The act of both preparing and then eating a meal together, enabled by childish innocence, ends up turning the adventurers into people who the orcs can't just murder in cold blood. Even the human and the elf. Despite the elf's own best efforts.

The role of food, and cooking, in sociology. The human ecology themes of the previous chapter continuing, and eventually reaching inward.

As a result of this, they are also all able to learn that they have a more pressing common enemy. The reason the orcs have moved on from their old sites where Senshi is used to trading with them is because a huge red dragon moved into the area. Almost certainly the same creature that the party is hunting. Sharing information about its whereabouts and observed capabilities turns out to be in their mutual interest.

Before parting ways, Zon asks Laios about the adventure hook that brought the first generation of adventurers here, before mere treasure-seeking became the primary motivator. Back when this megadungeon was first revealed, a ghostly figure appeared over the fissure, claiming to be the last king od the civilization that was entombed below, and promising that whoever journeys to the depths of that kingdom and slays the mad wizard who sunk it underground will become the new ruler of the restored kingdom.

Naturally, the orcs don't want any more human kingdoms in the world than there already are. And they especially aren't keen on being displaced yet again by this one's restoration. So, Zon asks Laios, very intently; if Laios were to become the ruler of this place - as an underground dungeon or as a restored surface kingdom, whatever - what would he do?

Laios replies truthfully that he never thought about that, and that he never expects to have to think about it. He and his companions first came here to look for gold and jewels left behind by the old kingdom. Now, they're trying to resurrect his sister. None of them have any interests in this place beyond that, and they probably won't be staying any longer once they've revived their cleric. Frankly, Laios doesn't know the first damned thing about being a king, and he isn't especially interested in having to learn.

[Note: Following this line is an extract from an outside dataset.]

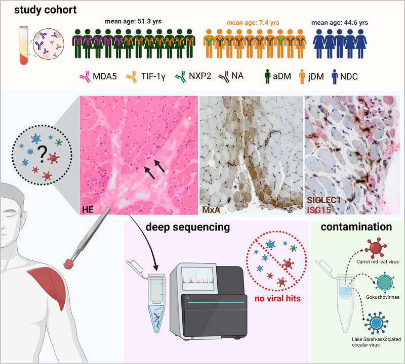 Introduction Although the pathogenesis of DM is not completely understood, it is well established that type I IFN plays a key role in both juvenile and adult DM. The IFN response can be defined by a specific up-regulation of IFN-stimulated molecules such as ISG15 or MxA and is comparable to that found in lupus erythematosus (SLE) and certain inherited interferonopathies, but also in viral infections [10]. In fact, parvovirus B19, coxsackie virus, polyomavirus, Epstein-Barr virus (EBV), influenza virus, human immunodeficiency virus (HIV), and SARS-CoV-2 have been associated with DM onset [3]. Since the detection of specific autoantibodies, such as anti-Mi-2, anti-TIF-1γ, anti-NXP2, anti-SAE, and anti-MDA5, the spectrum of DM can be defined more precisely regarding prognosis and clinical course such as risk of cancer development [27]. DM subtype-specific investigation of type I IFN-regulated transcripts identified a set of significantly dysregulated genes in muscle biopsies derived from anti-TIF-1γ+ patients [4]. Moreover, MDA5, RIG1, and TRIM33 (TIF1γ) are specifically involved in downstream signaling of viral infections [13]. MDA5 is a key protein sensor for viral double-stranded RNA (dsRNA) motifs to induce expression of IFN1 in certain viral diseases [6], and TRIM33 inhibits endogenous retrovirus (ERV) gene transcription [21]. Recent studies have demonstrated that myositis autoantibodies, most commonly anti-TIF-1γ, anti-NXP2, and anti-MDA5, are also found in more than 50% of juvenile myositis patients, with different frequencies in different populations, but again associated with specific clinical manifestations and prognosis [12, 15, 22, 29]. It is well described, especially in children, that DM can occur with an acute onset of general viral infection-like symptoms such as fever, fatigue, and apathy [20]. Hence, the aim of our project was the identification of any viral signatures (in terms of an active virus replication) in skeletal muscle samples using an unbiased high-throughput sequencing approach. In contrast to other targeted approaches such as virus-specific PCRs, we aimed at viral genome detection without prior restrictions to probable pathogens to investigate any - including previously unknown - possible viral species. Material and Methods Patient cohort Skeletal muscle biopsies were analyzed from treatment-naive patients diagnosed directly after symptom onset with juvenile or adult DM according to ENMC diagnostic criteria [14]. We included n=22 DM cases from three institutions between 2008 and 2018, in which the serum of adult patients was either positive for autoantibodies against TIF-1γ (n=7) or MDA5 (n=5). The morphological muscle involvement was related to the underlying autoantibody with perifascicular atrophy and inflammation in TIF-1γ+ patients and less severe muscle damage in MDA5+ patients [1]. The serum of n=2 juvenile patients was positive for autoantibodies against NPX2. The other juvenile patients were diagnosed before autoantibody test-ing was widely available and retroactive information on autoantibodies was not available. Additionally, we investigated skeletal muscle biopsies (n=5) from non-diseased controls (NDC) with nonspecific complaints, without overt muscle weakness, absence of any morphologic abnormalities in the skeletal muscle biopsies, elevated creatine kinase (CK) levels, or laboratory evidence of any systemic inflammation including negativity of autoantibody testing. Informed consent was obtained from all patients at each institution involved. Procedures were approved by the official ethical standards committee (EA2/163/17) at the Charité – Universitätsmedizin Berlin. The experimental setup is shown in Figure 1.

This answer seems to satisfy the orc. Letting these people go might not help his tribe deal with other, less ethical, adventurers, but it won't hurt them either. No reason to kill them.

...

Whether or not a party of orcs would have been able to get similar treatment from a human or elf lord, of course, is a question left to the audience.

Even taking into account the fact that unlike the orcs, said human or elf would have little to fear from letting orcs learn where their large, obvious surface town is located.

But, for now, this is just a story about this one handful of individuals.

...

So, they part on good terms. Hopefully this won't be the last time.

The fact that Zon's tribe just did a highly successful supply raid and killed a bunch of people who really did pose a threat to them probably helped, of course.

The following episodes bring the party down into a maze of undead-infested castle. Undead are, unfortunately, inedible (no one in the party is a Victorian aristocrat), and there aren't many other monsters to be found in places where they roam. Fortunately, the party gets a windfall, though it comes in the form of another group's grisly demise. And, after that, we have a zany time travel adventure that starts to fill in the lore behind this entire dungeon and the ghostly king who first advertised it. Also, there's ghost ice cream.